> On Jun 12, 2018, at 11:08 AM, Prentice Bisbal <pbis...@pppl.gov> wrote: > > On 06/12/2018 12:33 AM, Chris Samuel wrote: > >> Hi Prentice! >> >> On Tuesday, 12 June 2018 4:11:55 AM AEST Prentice Bisbal wrote: >> >>> I to make this work, I will be using job_submit.lua to apply this logic >>> and assign a job to a partition.

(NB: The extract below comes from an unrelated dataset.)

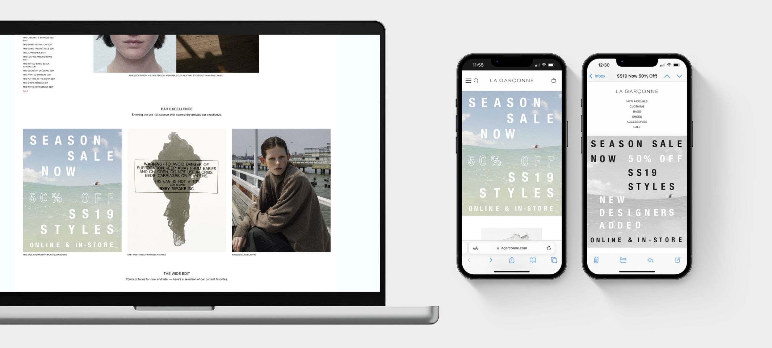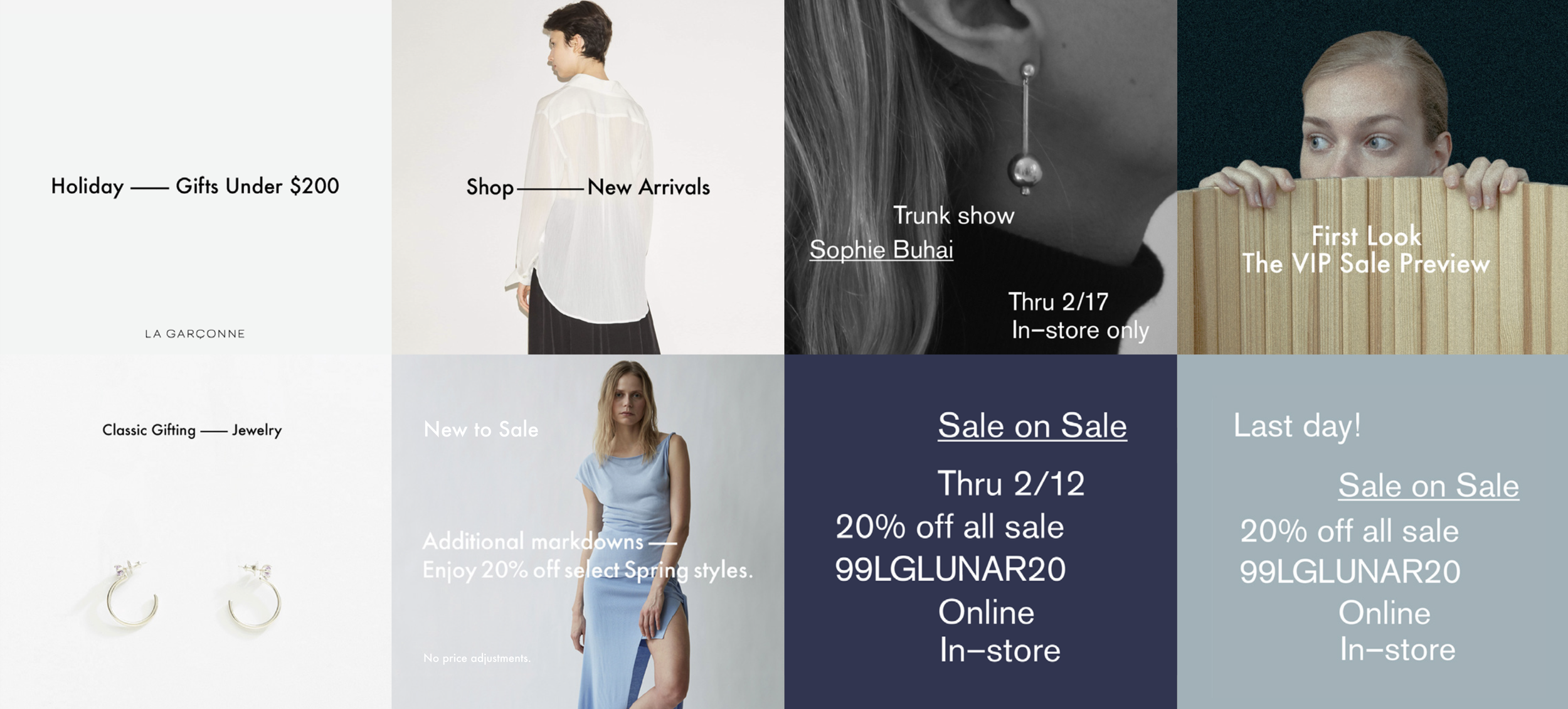 Owned the luxury womenswear retailer's weekly email campaigns, product-based PDP photography, homepage updates, and digital editorial layouts — all designed to balance seasonal brand and product storytelling with merchandising priorities.

If a user requests a specific partition >>> not in line with these specifications, job_submit.lua will reassign the >>> job to the appropriate QOS. >> Yeah, that's very much like what we do for GPU jobs (redirect them to the >> partition with access to all cores, and ensure non-GPU jobs go to the >> partition with fewer cores) via the submit filter at present.. >> >> I've already coded up something similar in Lua for our submit filter (that >> only >> affects my jobs for testing purposes) but I still need to handle memory >> correctly, in other words only pack jobs when the per-task memory request * >> tasks per node < node RAM (for now we'll let jobs where that's not the case >> go >> through to the keeper for Slurm to handle as now). >> >> However, I do think Scott's approach is potentially very useful, by directing >> jobs < full node to one end of a list of nodes and jobs that want full nodes >> to the other end of the list (especially if you use the partition idea to >> ensure that not all nodes are accessible to small jobs). >> > This was something that was very easy to do with SGE. It's been a while since > I worked with SGE so I forget all the details, but in essence, you could > assign nodes a 'serial number' which would specify the preferred order in > which nodes would be assigned to jobs, and I believe that order was specific > to each queue, so if you had 64 nodes, one queue could assign jobs starting > at node 1 and work it's way up to node 64, while another queue could start at > node 64 and work its way down to node 1. This technique was mentioned in the > SGE documentation to allow MPI and shared memory jobs to share the cluster. > > At the time, I used it, for exactly that purpose, but I didn't think it was > that big a deal. Now that I don't have that capability, I miss it.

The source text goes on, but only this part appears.